TL;DR: My USG believes it's still delivering DHCP offer packets to my raspberry pi(s), but the raspberry pis aren't receiving the offer packet. If I force reconnect the pi, it then does receive the offer packets. It's intermittent, it works for days then suddenly stops seeing the offer packets again. I assume some piece of networking equipment or configuration is causing these to get filtered out, but I have no idea why it'd only do it intermittently.
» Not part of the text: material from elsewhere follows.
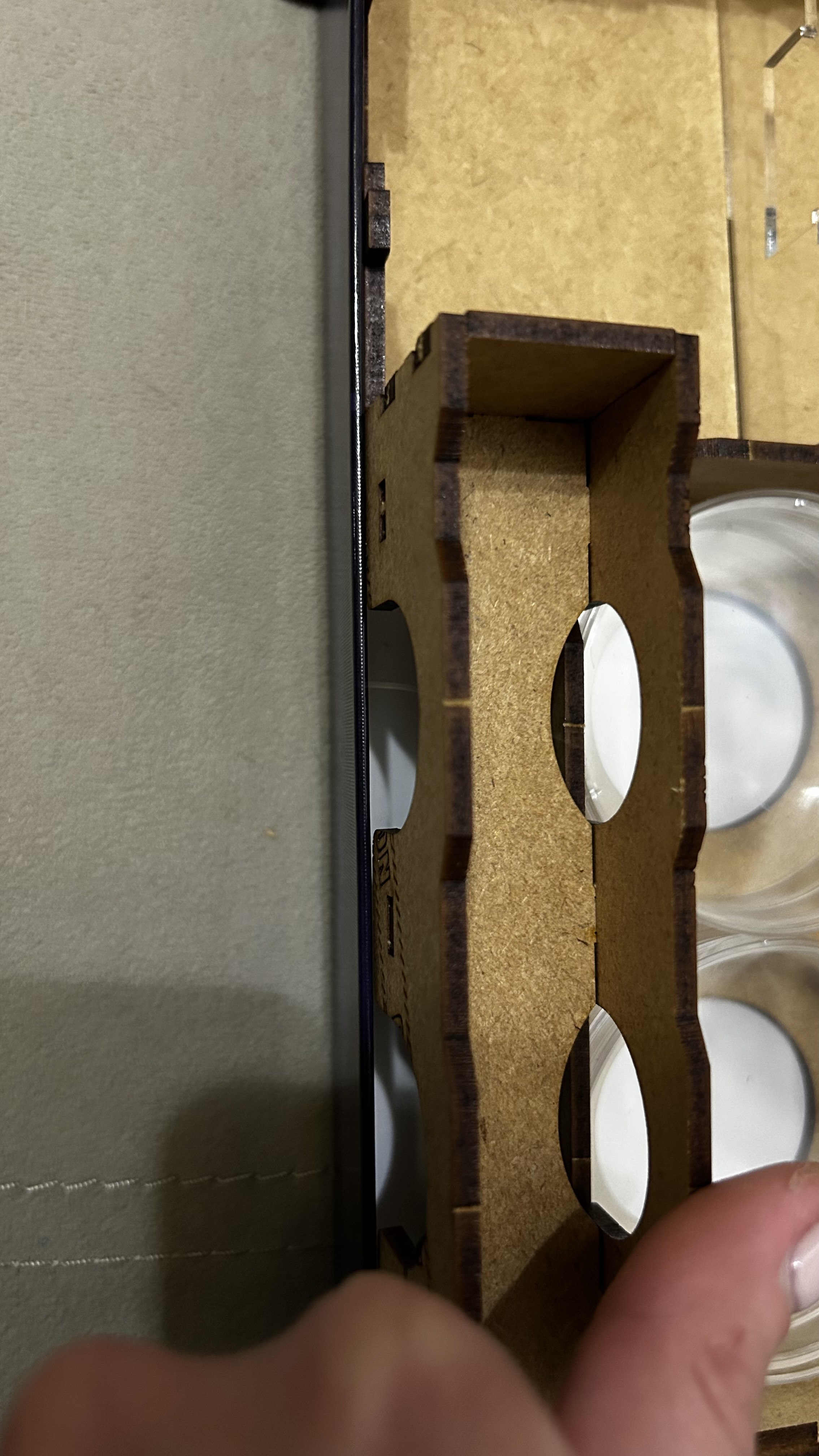Цей органайзер чудово поміститься в коробочку з грою, але не має кришки. Всі елементи закриті ігровим полем, тому всі компоненти залишаються на своїх місцях:)

Looking for ideas on what I missed, or ideas on how I can further diagnose it.
THE NETWORK
Upstream I have Farmside RBI, with a Huawei modem. The Huawei is providing DHCP, but only to the USG.
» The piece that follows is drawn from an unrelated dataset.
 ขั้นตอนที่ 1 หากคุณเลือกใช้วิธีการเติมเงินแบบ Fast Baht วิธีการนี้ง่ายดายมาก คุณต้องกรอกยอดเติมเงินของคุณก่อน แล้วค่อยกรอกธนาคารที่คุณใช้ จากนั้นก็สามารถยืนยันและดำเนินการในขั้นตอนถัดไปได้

The USG connects to the Huawei on the WAN port, and receives an external IP address from that. The USG then provides DHCP to my network. Yes, that means double NAT. No, I haven't seen any problems from that, and Farmside/RBI is CG-NAT anyway, so not like I have any ability to port forward.
LAN side, the USG connects to a third party unmanaged switch, which connects to some ethernet cabled devices, and to 4 Unifi APs - two UAP-AC-PRO, one UAP-AC-LR, and one UAP-AC-M that is mesh connected to one of the PROs (it's in a shed external to the house, too hard to trench in an ethernet to it). All the APs are POE powered using injectors.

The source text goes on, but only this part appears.